The acrid odor of gunsmoke still in our nostrils, one of our hosts asked me if I’d ever done anything like that before. We’d just spent 30 minutes in gun range at the Guns And Ammo Garage firing maybe 100 round each from Glocks, AK-47s and other lethal weapons.
As a matter of fact, I had. Thousands of times.
What golfer hasn’t?
I was surprised to discover how much time at the golf range and time at the gun range have in common.
Both activities require basic instruction, concentration, stationary targets, triggers and violent recoils.
With me the only difference is I’ve never come close to killing anyone with an automatic weapon.
Not so with golf, where my body count could land me on the FBI’s Most Wanted list.
Just last summer I nearly drilled the local weatherman -- and that was one storm front his Doppler Radar failed to warn him was coming his way.
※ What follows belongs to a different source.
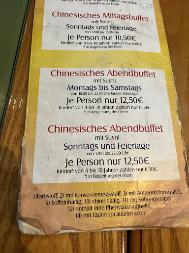 Read moreWir waren zu zweit an einem Feiertag hier, mäßig besucht gegen 19 Uhr, wir haben direkt einen Tisch bekommen, sehr nette und freundliche Bedienung, uriges chinesisches Ambiente, sauberes Erscheinungsbild. Es gibt NUR Buffet (18,90 €), kein Essen von der Karte (dessen waren wir uns aber bewusst), Buffet Auswahl durchschnittlich, einige Speisen lagen wohl schon etwas länger, die Soße bildete schon Haut, genau wie die Soßen, sah nicht so Appetitlich aus, desweiteren die Kärtchen/Zettel wo die Gerichte am Buffet drauf stehen, stark abgenutzt und beschmutzt, sollten mal erneuert werden. Die Speisen die wir probiert haben, waren aber lecker und warm, Sushi war auch lecker, aber schnell vergriffen. Enttäuscht waren wir vom Nachtisch/Dessert Angebot, 4 Sorten Eis, bißchen Obst, Götterspeise,...
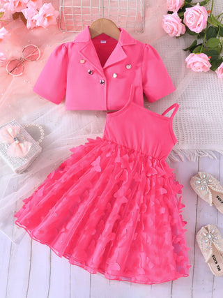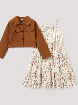 طقم فستان بطول الركبة بطباعة زهور بالكامل مع سترة بأكمام طويلة وأزرار أمامية لفتاة صغيرة، ملابس خارجية للفتيات

I understand the statement is bound to get gun enthusiasts, well, up in arms, but golf is far more exciting. So is ping pong.
A well-struck golf shot requires dozens of orchestrated movements covering the full head-to-toe range of the human body. Executing a good sweet spot golf shot is a very satisfying physical release, one many often compare to an orgasm.
I don’t recall feeling any orgiastic release when firing the AK-47, but if I did it was confined to my finger.
I wonder if part of it was I felt no hostility toward my paper targets. One was a standard dummy silhouette with bullseye rings, the other a turban-clad zombie posed in a way meant to menace.
I have nothing against either of them. The target silhouette can’t help the way it looks. I’d no sooner shoot it than I would an innocent man born with an unfortunate torso birth mark that resembled a bullseye.
As a sci-fi fan of AMC’s “The Walking Dead,” I understand I’m supposed to reflexively hate zombies, but I’m too much of a pacifist. If I’m ever confronted with a zombie I know I’ll try and get it to change its mindless bloodthirsty ways and join me for thoughtful conversation over a lunch salads at the Olive Garden.
Kind of like what I do with conservatives.
I think I would have enjoyed the experience more if my target had been a pyramid stack of beer bottles or maybe a ripe watermelon or something that moved.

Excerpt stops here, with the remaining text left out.